**WHAT TO DO:**
Where a picture occurs in the data, omit it, and copy all remaining data exactly.

(STORED DATA)

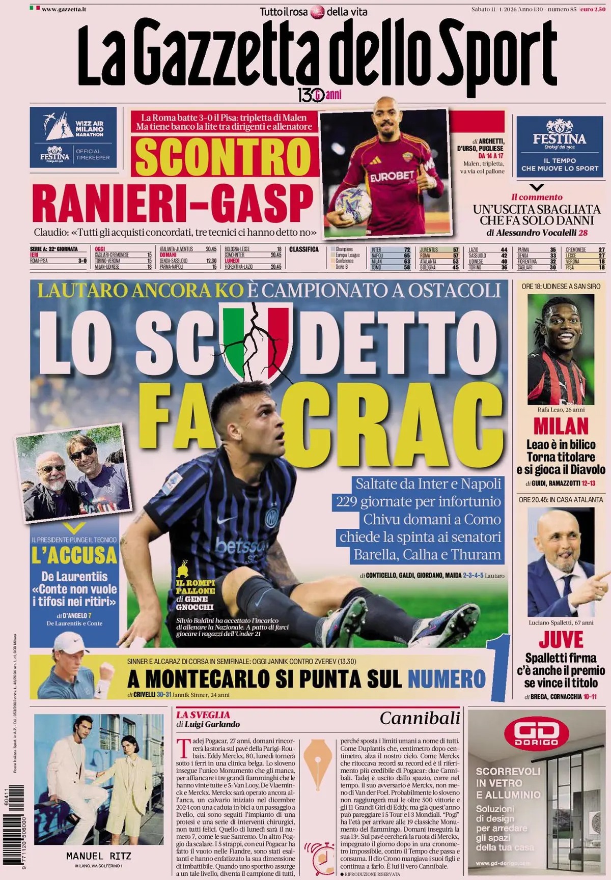 TUTTOSPORT – “De Rossi contro l’amico Grosso sceglie Baldanzi” titola questa mattina l’edizione di Tuttosport, che ripercorre rapidamente le dichiarazioni di mister De Rossi a due giorni dalla sfida contro il Sassuolo (clicca QUI per leggerle integralmente).
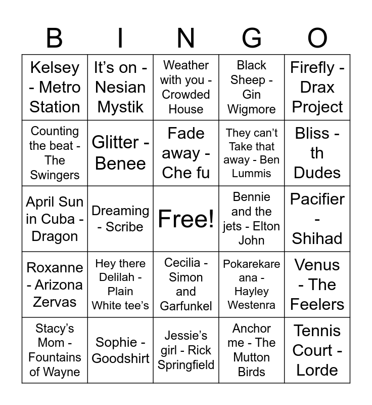 This bingo card has a free space and 76 words: I’ve got - Fast crew, Falling in Love again - Anika Moa, Weather with you - Crowded House, Business time - Flight of the conchords, Northern Lights - Golden horse, Don’t worry bout it - Kings, I see red - Split endz, Violent - Stella, Why oh Why - LAB, Walkie talkie man - Steriogram, Everything’s gonna be alright - The Babysitters Circus, Gumboots - Fred Dagg, Fade away - Che fu, Counting the beat - The Swingers, Ghetto Flower - J Williams, Dreaming - Scribe, Slings and arrows - Fat Freddy’s drop, Tennis Court - Lorde, You Outta be in Love - Dave Dobbyn, Firefly - Drax Project, Gutter Black - Hello Sailor, April Sun in Cuba - Dragon, Glitter - Benee, It’s on - Nesian Mystik, Black Sheep - Gin Wigmore, Larger than life - The Feelers, All she wrote - Six60, Bridges - Broods, Make you mine - Benny Tipene, In Colour - Shapeshifter, Sway - Bic Runga, Everything - P Money, Cool it down - Coterie, Pokarekare ana - Hayley Westenra, Bliss - th Dudes, They can’t Take that away - Ben Lummis, Fast times in Tahoe - Elemeno P, Untouchable Girls - Topp Twins, Pacifier - Shihad, Anchor me - The Mutton Birds, Gloria - Laura Branigan, Bette Davis Eyes - Kim Carnes, Billie Jean - Michael Jackson, Roxanne - The Police, Sherry - Four Seasons, Sweet Caroline - Neil Diamond, Stacy’s Mom - Fountains of Wayne, Kelsey - Metro Station, Victoria - Dance Exponents, Come on Eileen - Dexy Midnight Runners, Rhiannon - Fleetwood Mac, Cecilia - Simon and Garfunkel, My Sharona - The Knack, Jolene - Dolly Parton, Lola - The Kinks, Valerie - Amy Winehouse, Breakfast at Tiffany’s - Deep Blue Tiffany, Peggy Sue - Buddy Holly, Sandy - John Travolta, Ophelia - The Lumineers, Hey there Delilah - Plain White tee’s, Proud Mary - Creedence Clearwater Revival, Barbra Streisand - Duck Sauce, Living Next Door to Alice - Smokie, Hey Jude - The Beatles, Black Betty - Ram Jam, Bennie and the jets - Elton John, Janie’s got a Gun - Aerosmith, Mustang Sally - Wilson Pickett, Reet Petite - Jackie Wilson, Venus - The Feelers, Roxanne - Arizona Zervas, Sophie - Goodshirt, Grace Kelly - Mika, Jessie’s girl - Rick Springfield and Mandy - Barry Manilow.
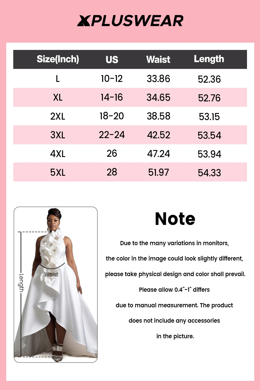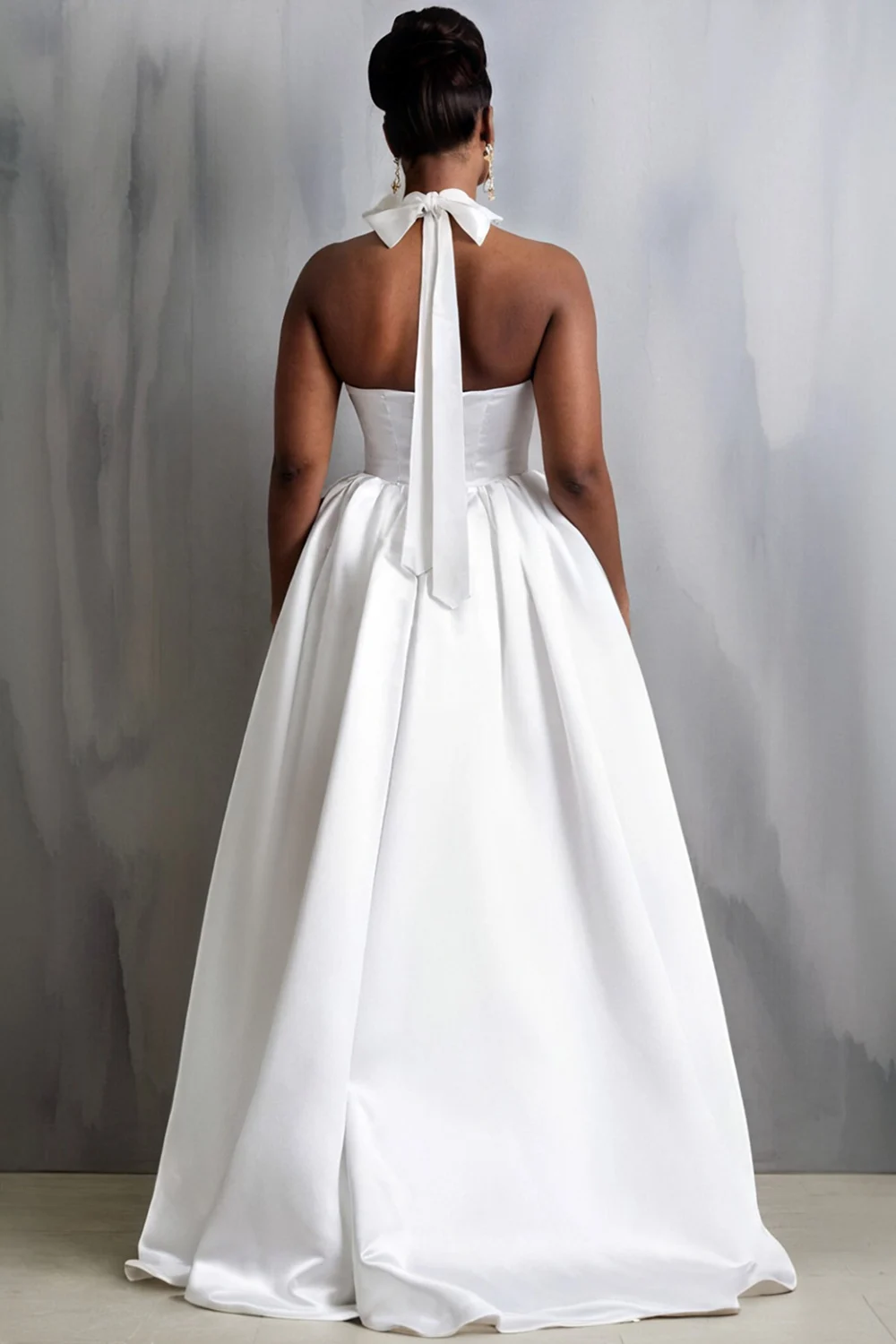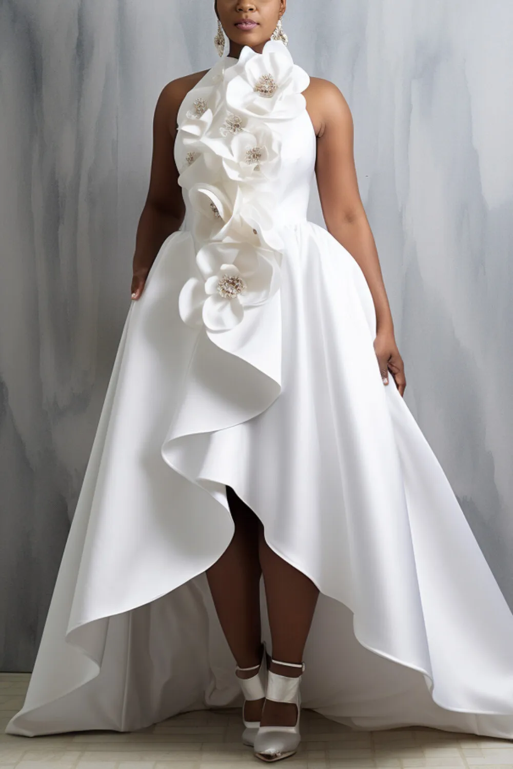 FZ Women's Plus Size White Halter Collar 3D Elegant High Low Hem Satin Maxi Dress

(End STORED DATA)

**PROBLEM SOLUTION:**
 TUTTOSPORT – “De Rossi contro l’amico Grosso sceglie Baldanzi” titola questa mattina l’edizione di Tuttosport, che ripercorre rapidamente le dichiarazioni di mister De Rossi a due giorni dalla sfida contro il Sassuolo (clicca QUI per leggerle integralmente).
 This bingo card has a free space and 76 words: I’ve got - Fast crew, Falling in Love again - Anika Moa, Weather with you - Crowded House, Business time - Flight of the conchords, Northern Lights - Golden horse, Don’t worry bout it - Kings, I see red - Split endz, Violent - Stella, Why oh Why - LAB, Walkie talkie man - Steriogram, Everything’s gonna be alright - The Babysitters Circus, Gumboots - Fred Dagg, Fade away - Che fu, Counting the beat - The Swingers, Ghetto Flower - J Williams, Dreaming - Scribe, Slings and arrows - Fat Freddy’s drop, Tennis Court - Lorde, You Outta be in Love - Dave Dobbyn, Firefly - Drax Project, Gutter Black - Hello Sailor, April Sun in Cuba - Dragon, Glitter - Benee, It’s on - Nesian Mystik, Black Sheep - Gin Wigmore, Larger than life - The Feelers, All she wrote - Six60, Bridges - Broods, Make you mine - Benny Tipene, In Colour - Shapeshifter, Sway - Bic Runga, Everything - P Money, Cool it down - Coterie, Pokarekare ana - Hayley Westenra, Bliss - th Dudes, They can’t Take that away - Ben Lummis, Fast times in Tahoe - Elemeno P, Untouchable Girls - Topp Twins, Pacifier - Shihad, Anchor me - The Mutton Birds, Gloria - Laura Branigan, Bette Davis Eyes - Kim Carnes, Billie Jean - Michael Jackson, Roxanne - The Police, Sherry - Four Seasons, Sweet Caroline - Neil Diamond, Stacy’s Mom - Fountains of Wayne, Kelsey - Metro Station, Victoria - Dance Exponents, Come on Eileen - Dexy Midnight Runners, Rhiannon - Fleetwood Mac, Cecilia - Simon and Garfunkel, My Sharona - The Knack, Jolene - Dolly Parton, Lola - The Kinks, Valerie - Amy Winehouse, Breakfast at Tiffany’s - Deep Blue Tiffany, Peggy Sue - Buddy Holly, Sandy - John Travolta, Ophelia - The Lumineers, Hey there Delilah - Plain White tee’s, Proud Mary - Creedence Clearwater Revival, Barbra Streisand - Duck Sauce, Living Next Door to Alice - Smokie, Hey Jude - The Beatles, Black Betty - Ram Jam, Bennie and the jets - Elton John, Janie’s got a Gun - Aerosmith, Mustang Sally - Wilson Pickett, Reet Petite - Jackie Wilson, Venus - The Feelers, Roxanne - Arizona Zervas, Sophie - Goodshirt, Grace Kelly - Mika, Jessie’s girl - Rick Springfield and Mandy - Barry Manilow.
 FZ Women's Plus Size White Halter Collar 3D Elegant High Low Hem Satin Maxi Dress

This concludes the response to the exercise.